In addition to Sarvis, though, there is significant ire being directed a number of other supposed causes:

RICHMOND — Anyone expecting Ken Cuccinelli and the conservative wing of the Virginia GOP to lie down and admit defeat was disappointed Tuesday night.

After Cuccinelli’s closer-than-expected loss, the defiant candidate and his supporters said the election results were only a blip on the radar of the larger conservative struggle as they blamed the defeat on Obamacare and a deluge of Democratic attack ads. Some Cuccinelli backers privately steamed that the national party did not do more to shore up Cuccinelli against Democrat Terry McAuliffe and his enormous war chest.

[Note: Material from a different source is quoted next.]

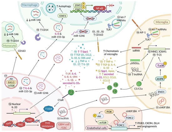 MicroRNAs, exosomes and a nuclear cytokine in microglia/macrophage-glioma interactions. Molecular event ⑩ Tumour supportive CD14+ monocytes and BMDMs downregulate microRNA-146 (miRNA-146) expression; CD14+ BMDM express high levels of Spp1 [35] ⑪ Microglial circKIF18A induces angiogenesis via CircKIF18A-FOXC2 nuclear translocation and ITGB3, CXCR4, and DLL4 transcription while concomitantly activating the PI3K/Akt pathway further promoting angiogenesis and GBM growth [67] ⑫ Let-7 microRNAs containing the sequence motif UUGU can suppress glioma growth through upregulation of TNF-α, MHC I and ICAM1; miRNA oligoribonucleotides that lack the GU-rich core motif may act as a chemoattractant for microglia in glioma [68] ⑬ miR-1246 binding to Telomeric repeat-binding factor 2-interacting protein 1 (TERF2IP) stimulates an immune suppressive phenotype in macrophages (increased CD163, IL-10, IL1RA, TGFβ1 and CCL2 expression, and significantly decreased TNF-α) via STAT3 and NF-κB pathways [69] ⑭ GBM-derived long noncoding RNAs (lnc-TALC) induces TMZ resistance via microglial complement components C5/C5a [70,71] ⑮ Glioma-secreted “hypoxic” exosomal IL-6 and miR-155-3p stimulate autophagy via STAT3 signalling and enhance CD163 and IL-10 expression in macrophages [44] ⑯ Glioma-derived IL-33 enhances activation of AIF1 (Iba1)+ resident microglia and recruitment of CD163+ BMDM [34]; microglial cells in the IL-33+ xenografts also expressed significant levels of IL-33 while upregulating pro-inflammatory cytokines, Spp1 and the lipid metabolism gene, Apoe followed by releasing a notable amount of the monocyte chemoattractant genes (CCL2, CCL3, and CCL12) ⑰ GSC-derived exosomes contain various immunosuppressive molecules that are part of the STAT3 pathway; GSCs-derived exosomes can induce CD163 expression in monocytes [72] Font colour: magenta, “Janus” factors that are secreted by both microglia/macrophages and GBM cells/GSCs (cf. Table 1). “Created with BioRender.com”.

The Republican candidate’s surprise showing touched off a round of recriminations among the GOP’s conservative and moderate wings — between Republicans who say Cuccinelli’s strict profile on social issues antagonized critical middle-of-the-road voters and those who say a good conservative candidate was tossed overboard by his party leadership. A lopsided Democratic victory might have given moderates a clear leg up in that debate; instead, the battle between the two factions over what – if anything – needs to change is bound to rage on.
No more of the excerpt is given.